[Records for processing — start]

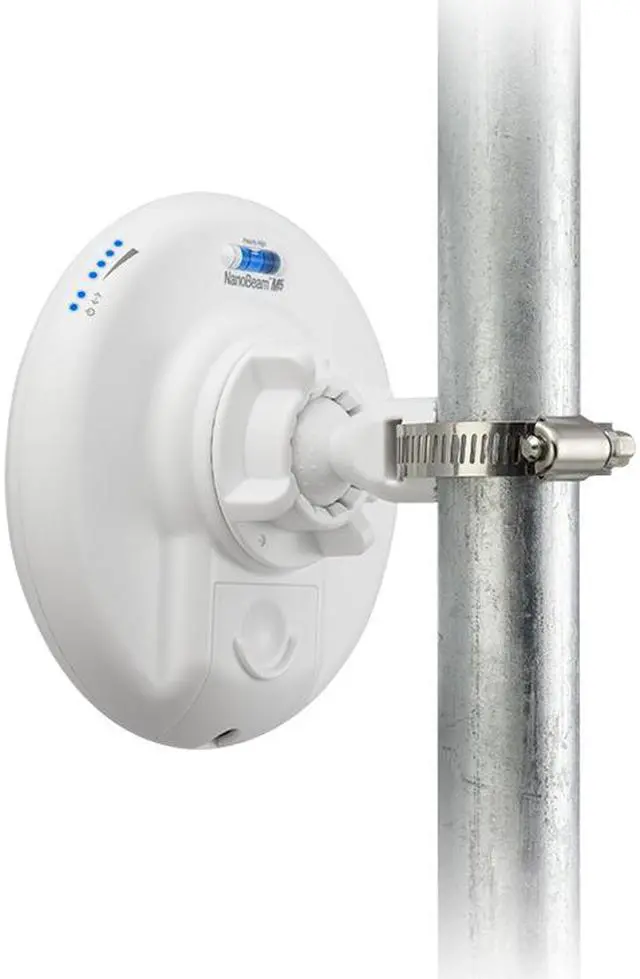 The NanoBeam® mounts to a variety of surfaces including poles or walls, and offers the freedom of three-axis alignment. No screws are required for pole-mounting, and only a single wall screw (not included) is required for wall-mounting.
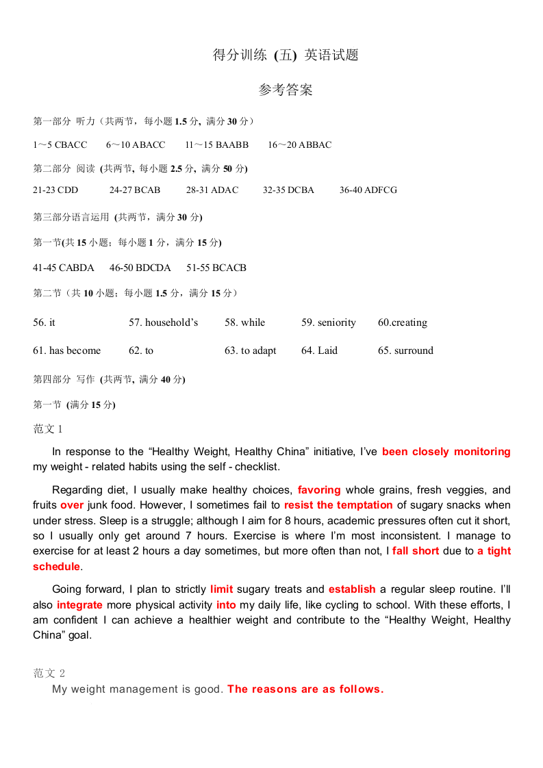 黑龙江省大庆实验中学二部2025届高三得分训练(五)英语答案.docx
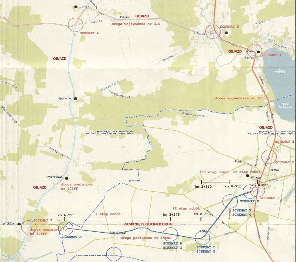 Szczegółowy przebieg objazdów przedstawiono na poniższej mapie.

[Records for processing — finish]
[Records for processing — start]

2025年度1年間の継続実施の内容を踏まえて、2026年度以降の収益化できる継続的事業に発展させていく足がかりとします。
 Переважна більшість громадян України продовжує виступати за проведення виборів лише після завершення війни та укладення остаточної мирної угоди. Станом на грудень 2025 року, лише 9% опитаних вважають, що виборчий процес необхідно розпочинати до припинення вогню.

[Records for processing — finish]
[Records for processing — start]

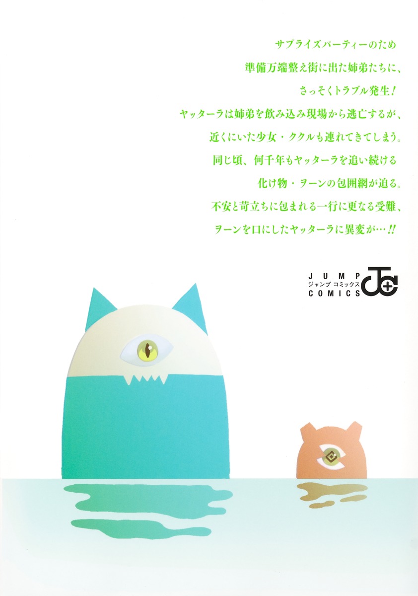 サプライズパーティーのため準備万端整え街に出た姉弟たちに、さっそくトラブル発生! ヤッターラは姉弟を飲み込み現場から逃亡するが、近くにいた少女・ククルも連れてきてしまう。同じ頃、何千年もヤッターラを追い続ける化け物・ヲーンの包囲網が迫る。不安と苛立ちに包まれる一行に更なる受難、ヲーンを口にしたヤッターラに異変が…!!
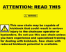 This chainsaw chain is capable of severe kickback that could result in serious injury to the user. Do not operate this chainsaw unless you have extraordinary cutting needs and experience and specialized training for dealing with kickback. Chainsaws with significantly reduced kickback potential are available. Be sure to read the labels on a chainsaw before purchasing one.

[Records for processing — finish]

▸ What the task requires: For this exercise, reproduce exactly the lines of the records above from the one with "The NanoBeam® mounts" up to and including the one with "黑龙江省大庆实验中学二部2025届高三得分训练(五)英语答案.docx", without pictures.

▸ Answer space:
 The NanoBeam® mounts to a variety of surfaces including poles or walls, and offers the freedom of three-axis alignment. No screws are required for pole-mounting, and only a single wall screw (not included) is required for wall-mounting.
 黑龙江省大庆实验中学二部2025届高三得分训练(五)英语答案.docx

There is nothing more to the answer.